- Original title: Хористка
- Country: Russia
- Language: Russian

Publication
- Published in: Oskolki
- Publication date: 18 (old style: 5) July 1886

= The Chorus Girl =

"The Chorus Girl" (Хористка) is an 1886 short story by Anton Chekhov.

==Publication==
The story was first published in Oskolkis No. 14 (18 July 1886) and was originally titled Pevichka (Певичка). In a radically revised version the story was included in the Posrednik Publishers' 1893 anthology Put-doroga (Путь-дорога, Long Road). Chekhov made some more changes to the text before he included the story in Volume 2 of his Collected Works, published by Adolf Marks in 1899–1901.

During the first revision Chekhov made changes that rendered the story more serious.
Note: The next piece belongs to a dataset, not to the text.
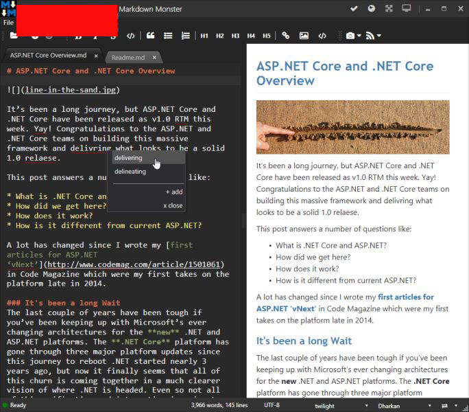 Markdown Monster的预览窗格可让您查看降价文本在呈现为HTML时的样子。
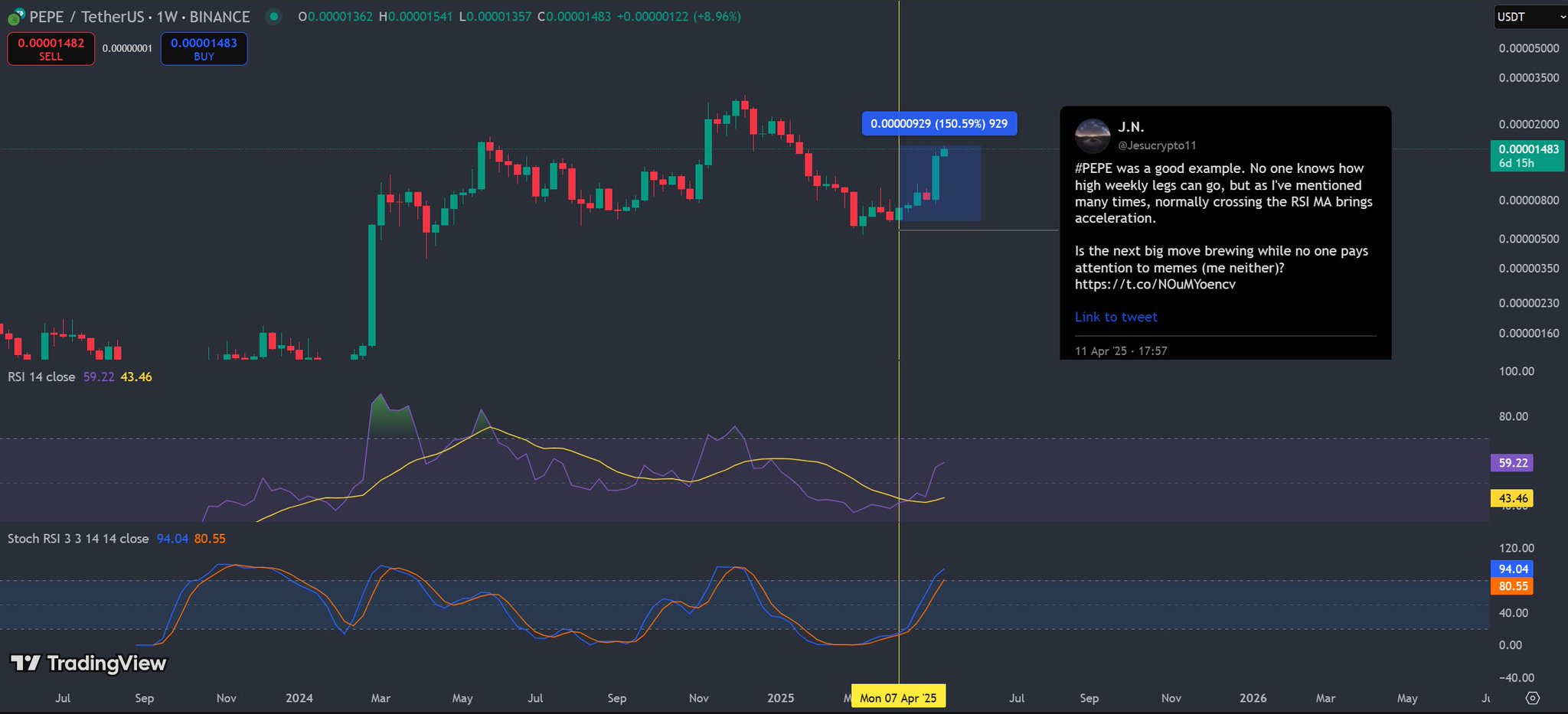 $PEPE Exploding. The charts were hinting and this coin likes to move explosively. Strong weekly cycle ahead for this one.

The critic E.A. Polotskaya commented that "Out of a humorous episode of the life of a promiscuous woman he made a lyrical, sad story of a hard done by and deeply insulted human being," targued.

==Plot summary==
The singer Pasha's quiet evening with an admirer, Kolpakov, is interrupted by a visitor who reveals that she is Kolpakov's wife. She demands to see her husband, who has hidden in another room, then bombards Pasha with insults and demands that she return all the gifts Kolpakov has given her in order to raise funds to replace the money he has embezzled. Scared and overwhelmed, Pasha gives her all the presents that she has received from all her male guests, though Kolpakov has brought her only two very modest items. After the woman leaves Pasha reproaches Kolpakov, only to be confronted with disdain, as he proclaims: "And this saintly woman was on the verge of throwing herself on her knees before a lowly worm like you! ... For this I shall never forgive myself."